There are three scripts that handle character cleaning, text extraction, and spelling standardization.
characterCleaner prepares TCP XML files to facilitate spelling standardization later in the pipeline.
- replaces reserved XML characters (<, >, %) with at-signs (@)
- replaces ampersands (&) with the word “and”
- removes XML comments and TEI XML tags that can interrupt words: <SEG>, <SUB>, <SUP>
- transforms non-ASCII letters into ASCII alternatives (e.g., “naïve” to “naive”)
- makes the following character replacements:
- a dash (—) becomes two hyphens (–)
- TCP illegible characters (bullet: •) become carets (^)
- TCP unrecognizable punctuation (small black square: ▪) becomes asterisks (*)
- non-ASCII characters not assigned ASCII equivalents (e.g., pilcrow: ¶) with at signs (@)
- TCP missing word symbol (lozenge in brackets: ◊) become ellipses in parentheses ((…))
- deletes TCP end-of-line hyphen characters supplied during transcription (vertical bar: |, broken vertical bar: ¦)
- if desired, removes textual symbols converted to at signs (@)
- VEP Unicode Character Substitutions
- TCP Unicode Character Survey
tei-decoder flexibly eliminates XML tags, their attributes, and their content to produce plain text files from XML.
- uses a config file that determines what text to print to a new file
- TCP TEI-P4 XML Tag Survey
EMstandardizer standardizes Early Modern English spelling variation across the TCP corpora (EEBO-TCP, ECCO-TCP, and Evans-TCP inclusive) to facilitate scaleable computationally-driven analysis.
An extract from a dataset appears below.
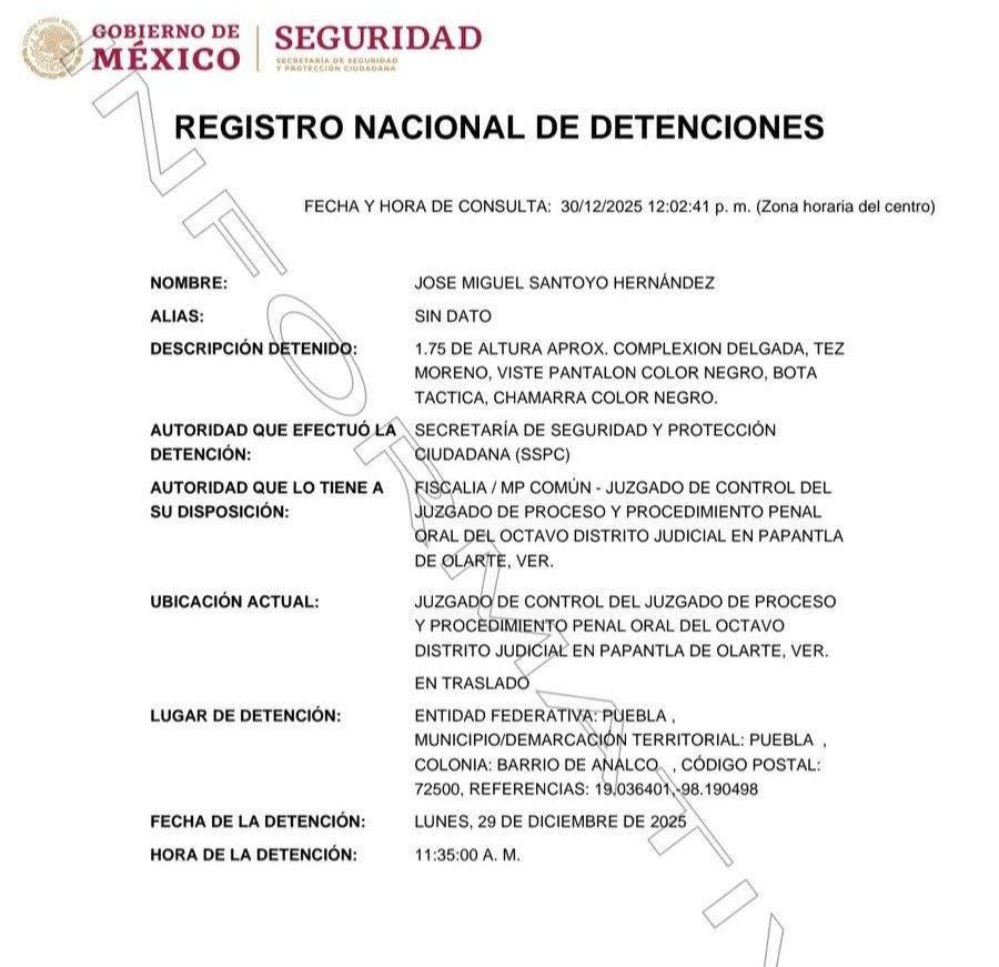 Mediante un comunicado, la Secretaría de Seguridad Pública (SSP) del Gobierno de Puebla confirmó la aprehensión del elemento policíaco, lo cual se conoció a través del Registro Nacional de Detenciones (RND) donde se especificó que la captura se realizó cuando se encontraba en las instalaciones de la Policía Estatal ubicadas en el barrio de Analco, de la capital poblana, el 29 de diciembre de 2025.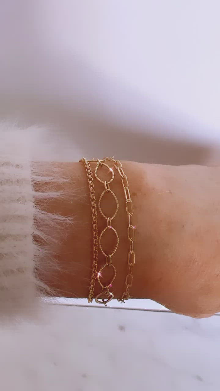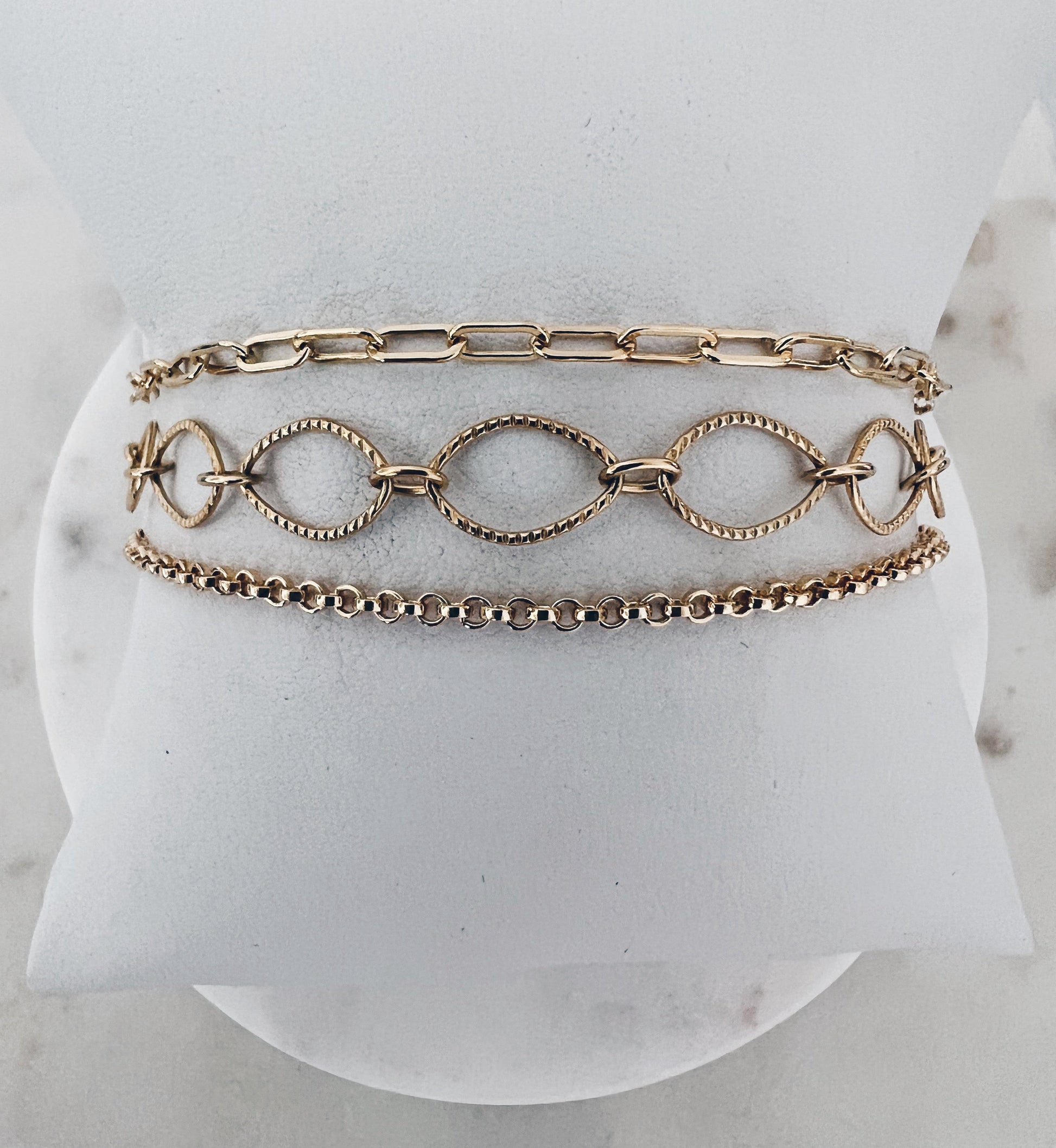 This stunning bracelet is handmade with all 14k gold filled mixed chains and components. Multiple strands make this bracelet an easy yet undeniably chic way to create the perfect stack.

- uses a dictionary file (standardizer_dictionary.txt), researched and compiled by Deidre Stuffer, that provides a standard spelling for words in the TCP texts with recognizable spelling variation
- expands contracted pronouns, elided adverbs, and elided prepositions
- provides option to standardize early modern English 2nd and 3rd person singular verb endings to modern equivalents or archaic endings
- can generate annotation files that display which words have been standardized and their original spellings
- read more about spelling standardization on the workflow page
Known Issues with the Pipeline
1. End-Of-Line Hyphens: At the moment, our internal use analytical scripts do not recognize a word that straddles two lines (words with end-of-line-break hyphens, like “Interjec-/Tions”). Therefore, a hyphenated word straddling linebreaks is broken into two with the current algorithm. It recognizes “Interjec-/Tions” as the two words “interjec” and “tions”. Future iterations of our software will work to fix this discrepancy so when end-of-line hyphens occur they are not treated as a valid letter within a word. More research is needed to determine the scale of end-of-line hyphens in SimpleText plain text files, and whether hyphens at the end of lines in our source texts are meant to be hyphens or dashes. The TCP XML source files represent physical books published between 1470 and 1800, a period when printing practices varied.
The only exception to this rule is that our text processing software Ubiqu+Ity removes end-of-line hyphens in its analysis stage, treating “interjec-tions” as “interjections”.